Devote More Energy to the Individual Climate

The minister of finance follows the goal of a surplus, which means that the public sector will go up by an annual plus of one per cent of GDP over a business cycle. This can, of course, never be really done with precision, because business cycles do not move predictably like celestial bodies, and it is never possible to know in advance how long the cycle will be, but the practical result has nonetheless turned out alright. Central government debt, which once seemed so intimidating, is now low compared with many other EU countries. Yet the minister of finance is now very tempted to opt for a less demanding course that would open the door to too many new billions in government spending. Or, if you were more optimistic overall, it would make it possible to reduce the burden of taxation on the Swedish people.

The governor of the Riksbank follows the goal of an inflation target. The Riksbank has namely chosen to interpret the Riksbank law’s requirement of ”price stability” as being that annual monetary value deterioration should be at a particular level, and the boss is as stubborn at the tiller as Captain Ahab. The goal is fixed and the Riksbank will do whatever it takes to get there, whatever the cost. This, despite the fact that it appears increasingly unclear whether the inflation target’s guiding principle is a warm, life-giving sun, or whether it is simply turning us towards a black hole.

When the target was first introduced, we were coming from an unhealthily high rate of inflation, and two per cent seemed like a paradise of stability, but now the situation has changed; lower oil prices, technological breakthroughs and stronger competition, amongst other factors, are keeping prices low and the Riksbank is suddenly struggling, not to bring down inflation, but to get it up. The battle-scarred crisis-fighters of the1990s would hardly believe their ears if they heard how the Riksbank Executive Board members are now calling passionately for less monetary value and thinking that they can see hopeful signs that inflation will finally take off. Labour market stakeholders are invited to stick to the map, instead of the terrain where they negotiate wages.

And so they fire up the weapon of interest rates. Since February this year, the key interest rate has been negative and, at the time of writing, it is down to minus 0.35 per cent. The consequence of this is, of course, a loan bonanza without equal, where households are borrowing more and more staggering sums to buy houses from each other. As regards business investment, unfortunately it has not been as prevalent. Sure, the low interest rate reduces the value of the Swedish krona, but the seasoned entrepreneur, Rune Andersson, wrote in early autumn (DI 12/8) that today’s depressed krona cannot be used as a basis for long-term investment. The Riksbank is hoping for inflation, but what you really get is a dangerously high level of debt – Sweden has almost the highest in the world – and a strange signal language that tells citizens that it is stupid to save money in the bank and sensible to spend money that you do not have.
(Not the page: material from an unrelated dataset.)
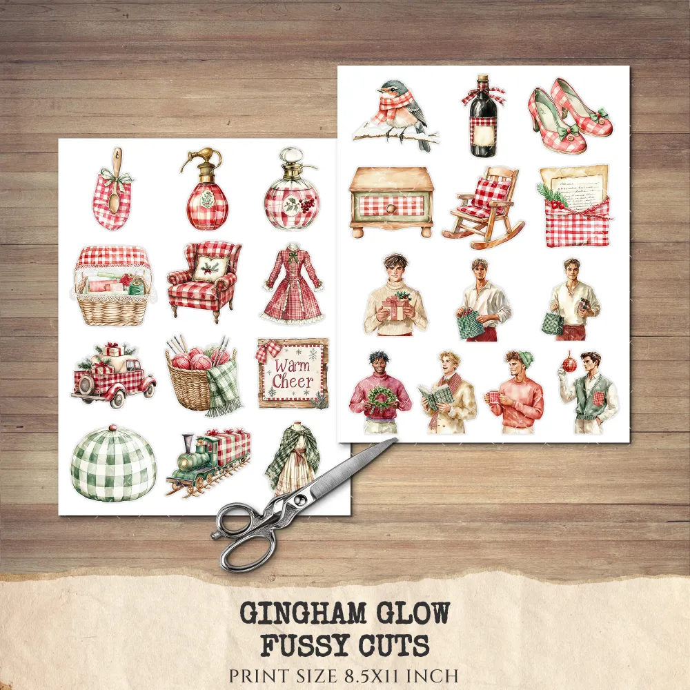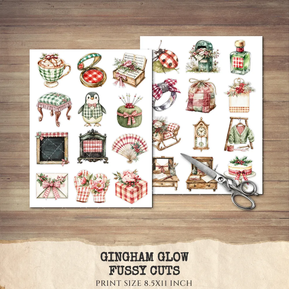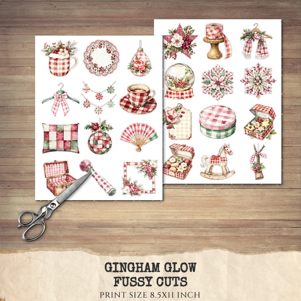 1. Gingham Glow Junk Journal Ephemera & Folio Kit:

It’s all particularly strange, because the information is so vague about why it is so important to push up inflation to two per cent. It is said that a stable inflation rate provides predictability in the economy, but when you have to resort to unpredictable ways to get there – and still cannot – it contributes to confusion rather than stability.

Well. Whatever one may think of these goals, it is undisputed that they are attracting too much of the energy in the economic policy debate. A country may be hit hard by poor fiscal and monetary policy, but even a well-run macro-economy is just a beginning. Prosperity comes when entrepreneurs, innovators, managers and employees take advantage of the opportunities given and offer attractive products, services and business models. It is absolutely central to a positive business climate and, as pointed out in this issue’s theme section, this in turn requires a positive individual climate.

Edmund S. Phelps, who won the Economics Prize in 2006, strikes a blow for the imagination and finds it tragic that so many people do not feel they have an innovative and stimulating work life. The vast majority of people in the welfare states of the West are able in some way to consume, but it is in their productive efforts that individuals truly come into their own and experience the good life. He urges a double battle: against the special interests that put an end to innovation, and for a renewal of schools and universities that allow the humanities to broaden the horizons of young people and get them to desire and dare to take risks.

It’s about the ethos but probably also about the conditions. That the government, in its autumn budget bill, will push up the marginal income tax rate to the highest in the world will certainly make its comrades on the Left happy. What it does for individual climate in Sweden is quite another thing.